TO DO
No pictures, please. Copy exactly the lines from the one with "Place the cheese" through the final line below.

DATA SECTION
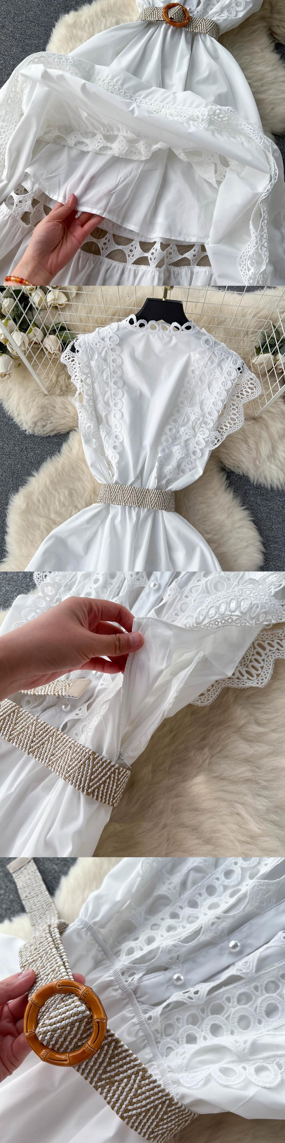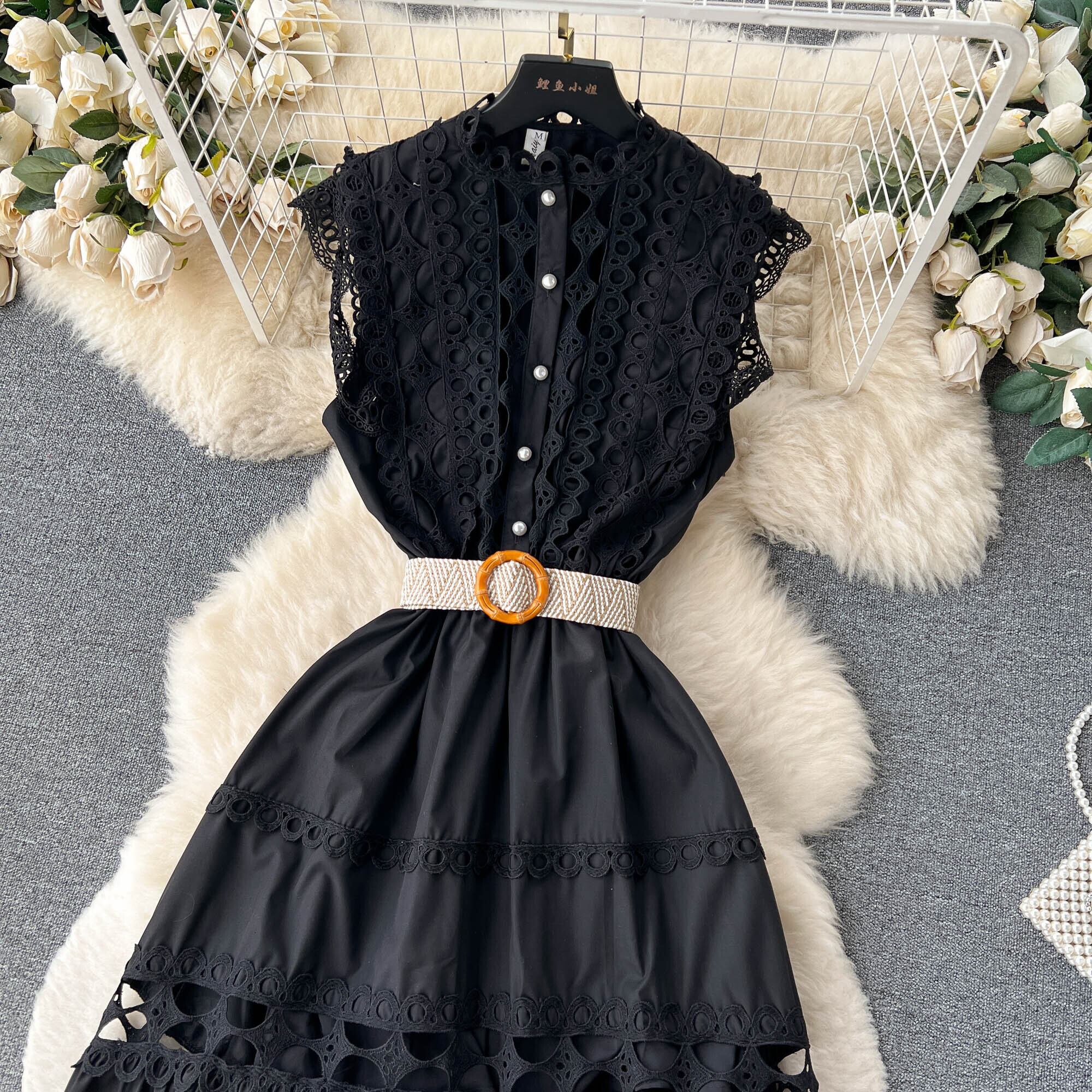 フランスの気質の高級感スタンドカラー中空刺繍レースステッチノースリーブウエスト痩身エレガントドレス lyxaj51361995681
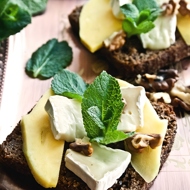 Place the cheese on the warm pieces of bread, add slices of mango, and drizzle with olive oil or walnut oil (if desired). Garnish with mint and walnuts.
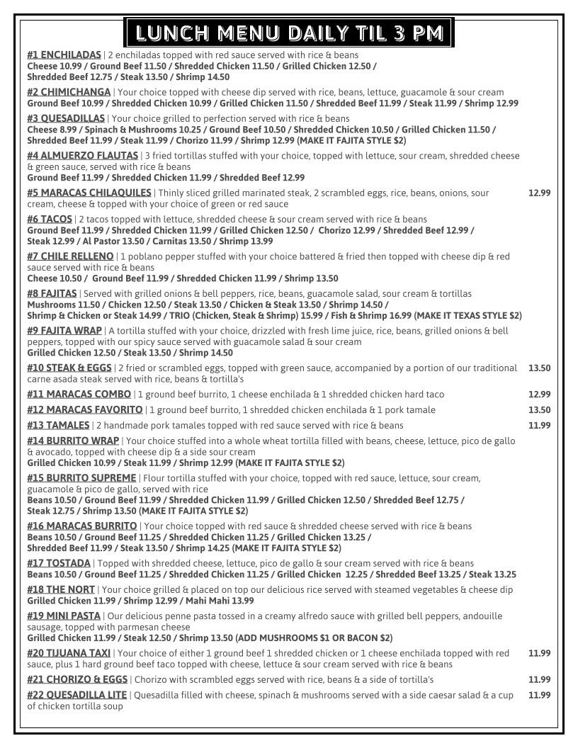 Guests rave about the authentic taste that transports you straight to Mexico, complemented by friendly service and a cheerful ambiance. Whether it's Taco Tuesday or a family celebration, Las Maracas delivers an unforgettable dining experience filled with delicious memories.
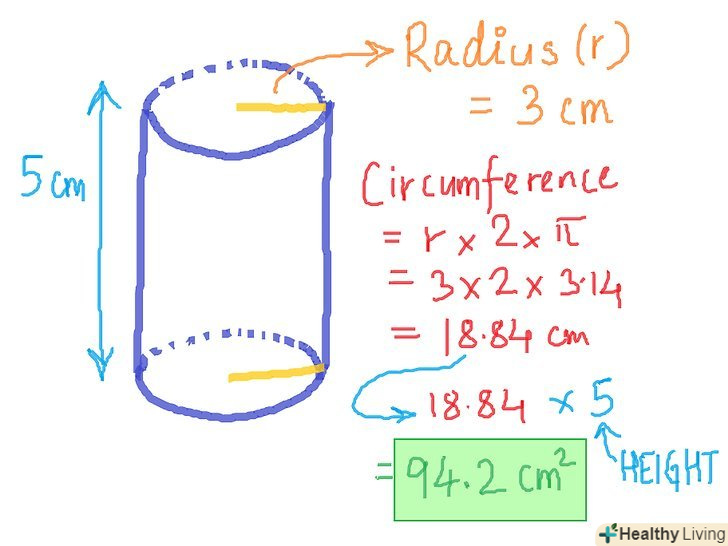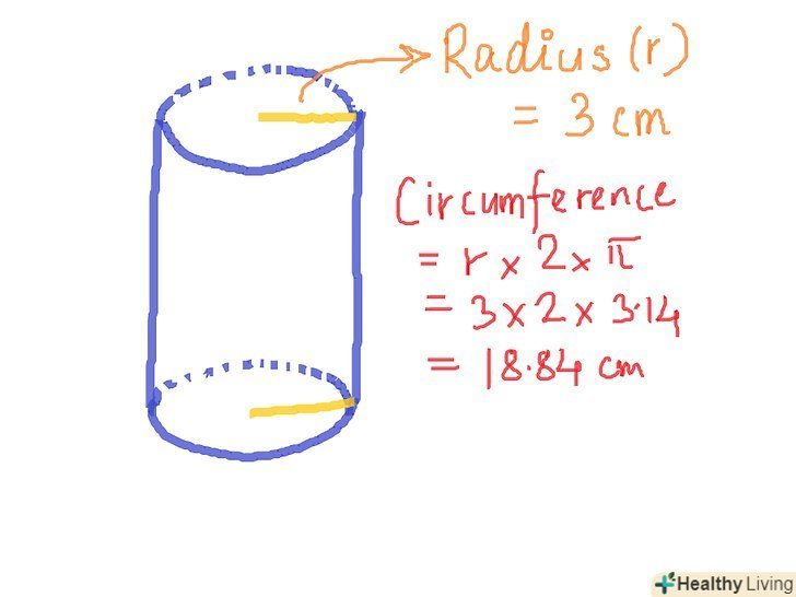 Знайдіть коло одного з кіл.окружність потрібна вам, щоб знайти площу бічної поверхні, тобто площа сторін циліндра. Щоб знайти окружність, просто помножте радіус на 2π. 3 см x 2π = 18,84 см.

EXERCISE RESPONSE
 Place the cheese on the warm pieces of bread, add slices of mango, and drizzle with olive oil or walnut oil (if desired). Garnish with mint and walnuts.
 Guests rave about the authentic taste that transports you straight to Mexico, complemented by friendly service and a cheerful ambiance. Whether it's Taco Tuesday or a family celebration, Las Maracas delivers an unforgettable dining experience filled with delicious memories.
 Знайдіть коло одного з кіл.окружність потрібна вам, щоб знайти площу бічної поверхні, тобто площа сторін циліндра. Щоб знайти окружність, просто помножте радіус на 2π. 3 см x 2π = 18,84 см.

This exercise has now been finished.